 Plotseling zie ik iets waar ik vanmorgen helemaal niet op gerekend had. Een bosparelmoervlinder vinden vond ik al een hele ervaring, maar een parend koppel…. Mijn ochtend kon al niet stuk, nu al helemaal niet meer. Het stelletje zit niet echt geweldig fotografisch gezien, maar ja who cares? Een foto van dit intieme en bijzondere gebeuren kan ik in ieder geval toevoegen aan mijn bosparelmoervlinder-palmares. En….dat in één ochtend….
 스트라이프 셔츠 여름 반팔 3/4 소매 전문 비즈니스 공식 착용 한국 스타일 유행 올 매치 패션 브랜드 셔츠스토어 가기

* * *

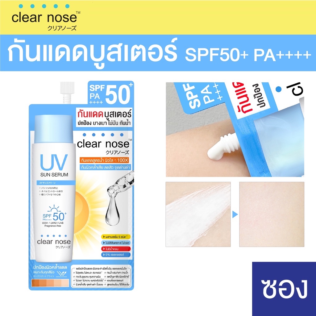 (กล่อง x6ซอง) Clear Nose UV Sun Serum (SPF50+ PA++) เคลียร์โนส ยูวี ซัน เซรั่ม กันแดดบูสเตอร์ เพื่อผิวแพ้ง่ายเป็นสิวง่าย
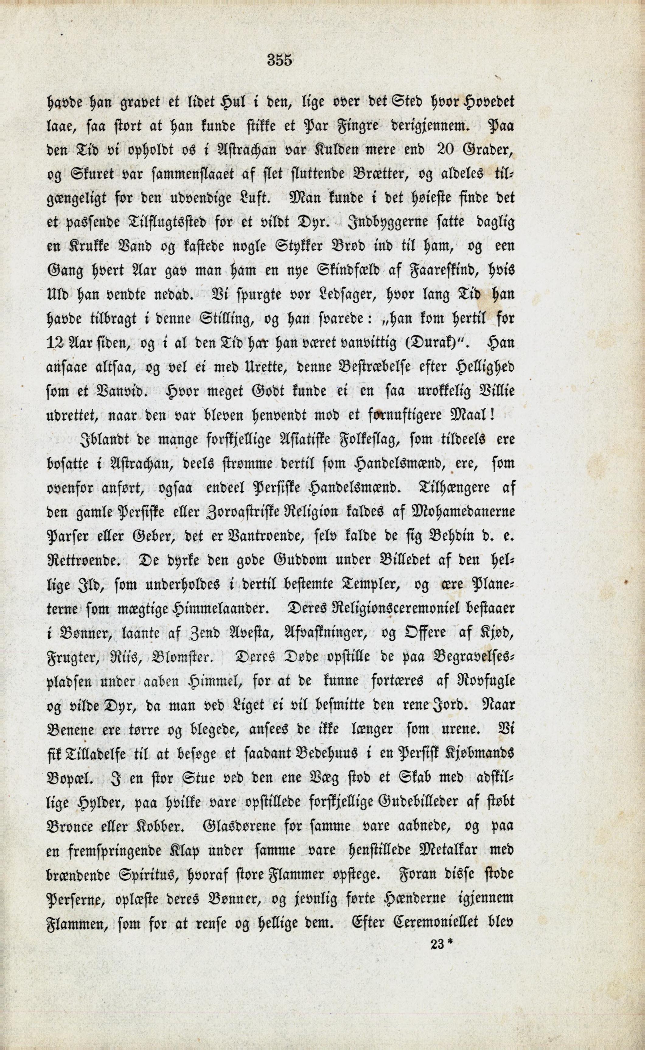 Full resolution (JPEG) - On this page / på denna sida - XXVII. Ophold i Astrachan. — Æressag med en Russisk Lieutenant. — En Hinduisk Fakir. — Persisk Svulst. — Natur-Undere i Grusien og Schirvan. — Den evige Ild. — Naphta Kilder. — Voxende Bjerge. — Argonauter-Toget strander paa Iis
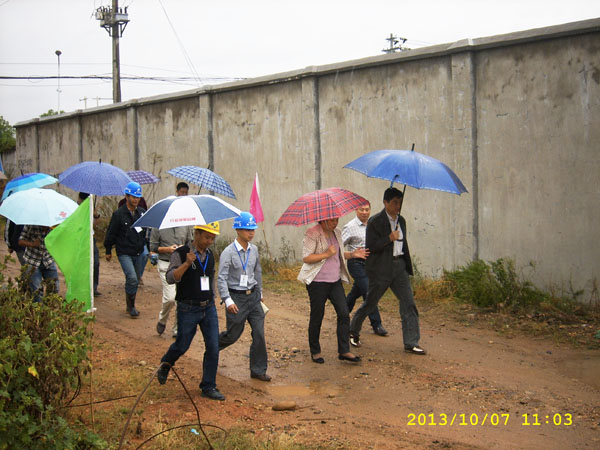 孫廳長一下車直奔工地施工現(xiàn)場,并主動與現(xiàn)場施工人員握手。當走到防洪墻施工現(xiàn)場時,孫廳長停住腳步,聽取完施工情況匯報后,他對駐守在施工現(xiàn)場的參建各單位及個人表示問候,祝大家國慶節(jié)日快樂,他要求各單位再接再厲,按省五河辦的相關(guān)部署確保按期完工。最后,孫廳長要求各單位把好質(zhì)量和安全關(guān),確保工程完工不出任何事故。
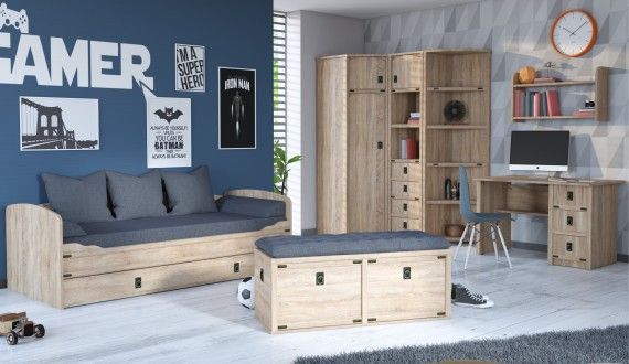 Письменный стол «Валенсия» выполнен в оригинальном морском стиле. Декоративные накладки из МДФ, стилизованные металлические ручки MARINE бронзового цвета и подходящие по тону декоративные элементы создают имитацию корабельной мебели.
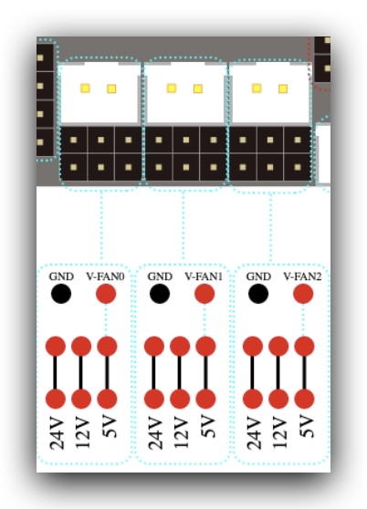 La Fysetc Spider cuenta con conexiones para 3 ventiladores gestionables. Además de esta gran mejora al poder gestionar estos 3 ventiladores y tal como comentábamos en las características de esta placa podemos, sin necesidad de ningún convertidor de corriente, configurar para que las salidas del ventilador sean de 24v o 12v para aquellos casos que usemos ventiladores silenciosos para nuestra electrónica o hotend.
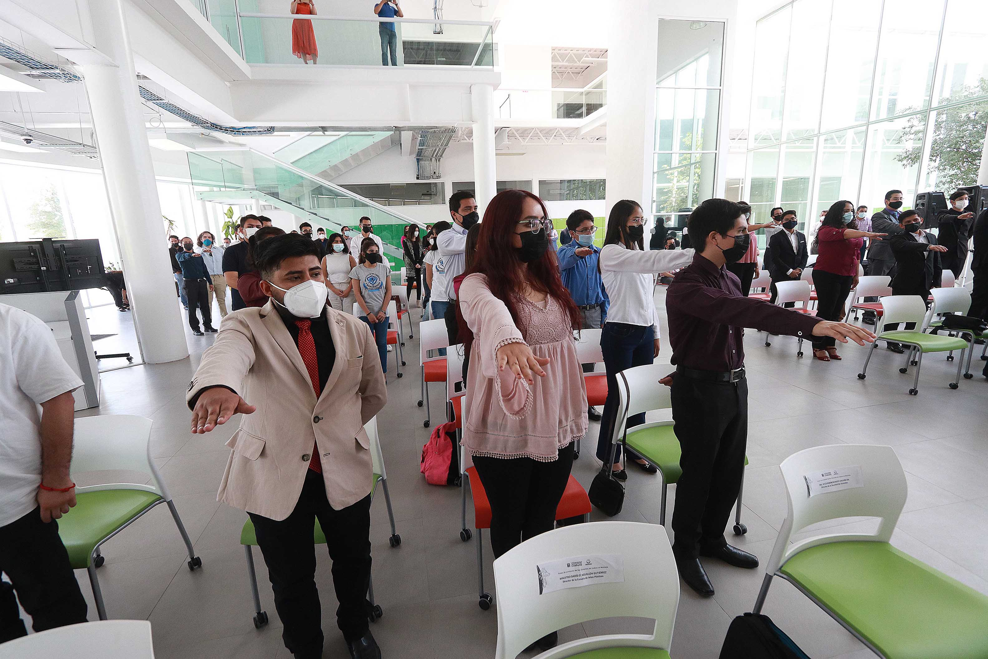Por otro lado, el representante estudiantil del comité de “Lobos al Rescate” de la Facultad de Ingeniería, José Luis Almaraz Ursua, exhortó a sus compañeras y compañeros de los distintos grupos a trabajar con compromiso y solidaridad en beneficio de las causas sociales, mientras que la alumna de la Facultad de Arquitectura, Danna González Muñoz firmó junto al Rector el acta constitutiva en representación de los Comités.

--

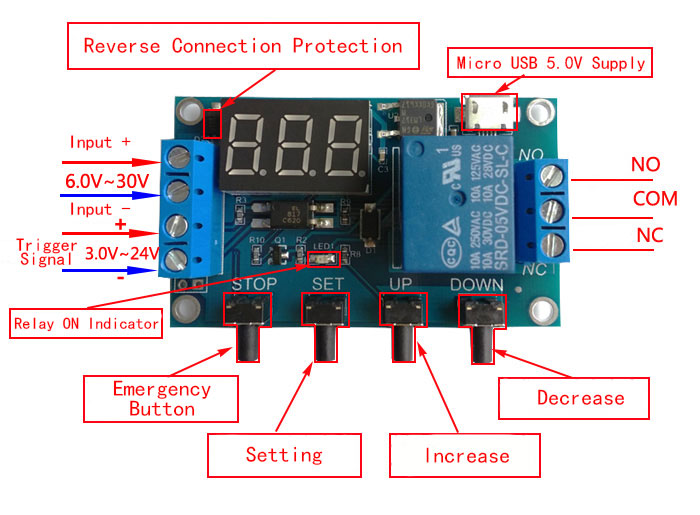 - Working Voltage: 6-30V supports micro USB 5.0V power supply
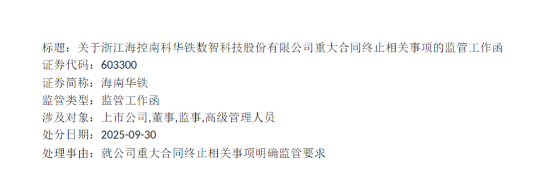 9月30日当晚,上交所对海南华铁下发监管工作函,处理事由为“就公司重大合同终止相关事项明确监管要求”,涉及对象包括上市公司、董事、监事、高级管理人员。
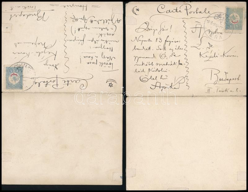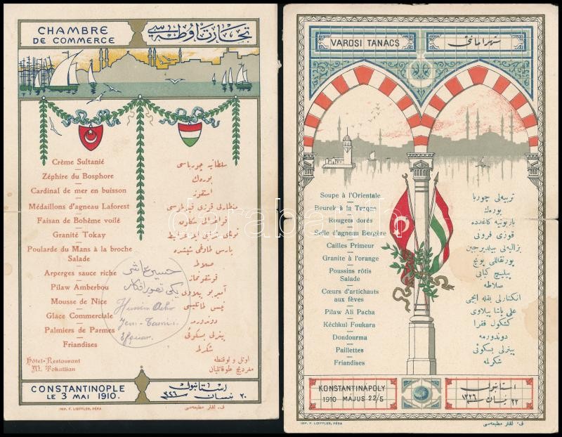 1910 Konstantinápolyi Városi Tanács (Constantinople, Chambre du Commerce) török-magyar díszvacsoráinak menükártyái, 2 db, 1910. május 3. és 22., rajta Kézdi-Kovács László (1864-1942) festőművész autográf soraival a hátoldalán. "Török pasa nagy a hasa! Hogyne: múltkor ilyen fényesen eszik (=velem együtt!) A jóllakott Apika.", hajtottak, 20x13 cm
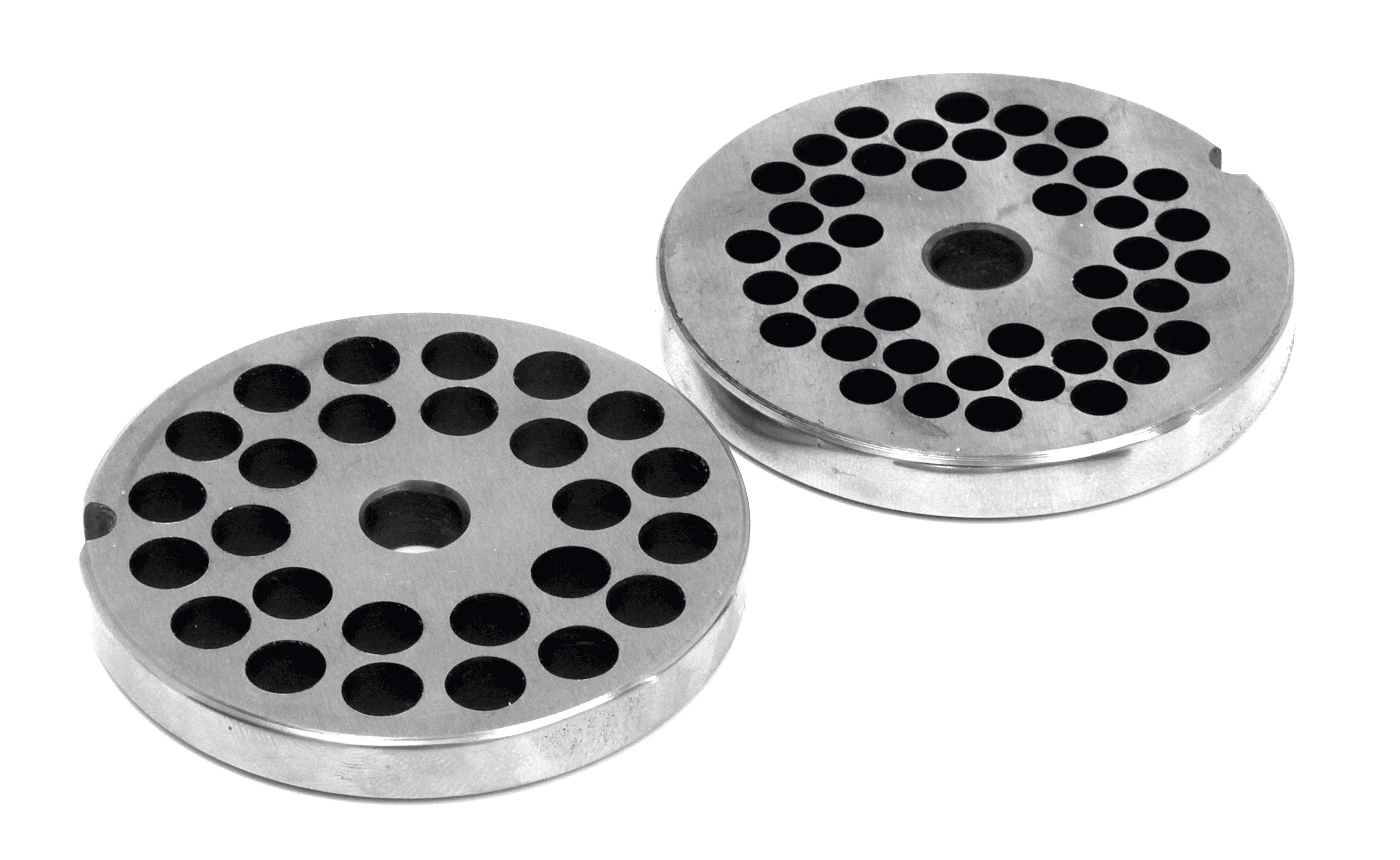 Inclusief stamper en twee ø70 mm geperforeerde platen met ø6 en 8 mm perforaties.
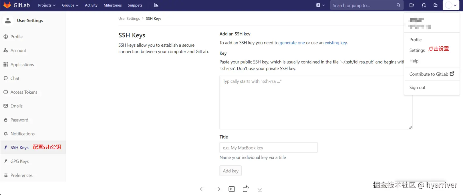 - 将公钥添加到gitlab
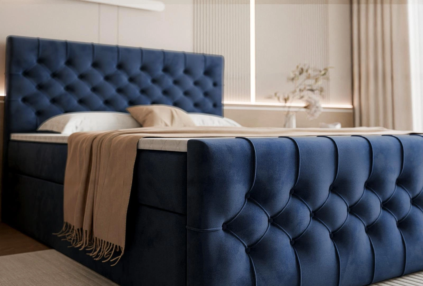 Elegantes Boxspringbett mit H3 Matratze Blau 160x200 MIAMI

Task objective: Using the data above, return the lines from the one holding "(กล่อง x6ซอง) Clear" through the one holding "Por otro lado, el" exactly, but not the pictures.

Your solution:
 (กล่อง x6ซอง) Clear Nose UV Sun Serum (SPF50+ PA++) เคลียร์โนส ยูวี ซัน เซรั่ม กันแดดบูสเตอร์ เพื่อผิวแพ้ง่ายเป็นสิวง่าย
 Full resolution (JPEG) - On this page / på denna sida - XXVII. Ophold i Astrachan. — Æressag med en Russisk Lieutenant. — En Hinduisk Fakir. — Persisk Svulst. — Natur-Undere i Grusien og Schirvan. — Den evige Ild. — Naphta Kilder. — Voxende Bjerge. — Argonauter-Toget strander paa Iis
 孫廳長一下車直奔工地施工現(xiàn)場,并主動與現(xiàn)場施工人員握手。當走到防洪墻施工現(xiàn)場時,孫廳長停住腳步,聽取完施工情況匯報后,他對駐守在施工現(xiàn)場的參建各單位及個人表示問候,祝大家國慶節(jié)日快樂,他要求各單位再接再厲,按省五河辦的相關(guān)部署確保按期完工。最后,孫廳長要求各單位把好質(zhì)量和安全關(guān),確保工程完工不出任何事故。
 Письменный стол «Валенсия» выполнен в оригинальном морском стиле. Декоративные накладки из МДФ, стилизованные металлические ручки MARINE бронзового цвета и подходящие по тону декоративные элементы создают имитацию корабельной мебели.
 La Fysetc Spider cuenta con conexiones para 3 ventiladores gestionables. Además de esta gran mejora al poder gestionar estos 3 ventiladores y tal como comentábamos en las características de esta placa podemos, sin necesidad de ningún convertidor de corriente, configurar para que las salidas del ventilador sean de 24v o 12v para aquellos casos que usemos ventiladores silenciosos para nuestra electrónica o hotend.
Por otro lado, el representante estudiantil del comité de “Lobos al Rescate” de la Facultad de Ingeniería, José Luis Almaraz Ursua, exhortó a sus compañeras y compañeros de los distintos grupos a trabajar con compromiso y solidaridad en beneficio de las causas sociales, mientras que la alumna de la Facultad de Arquitectura, Danna González Muñoz firmó junto al Rector el acta constitutiva en representación de los Comités.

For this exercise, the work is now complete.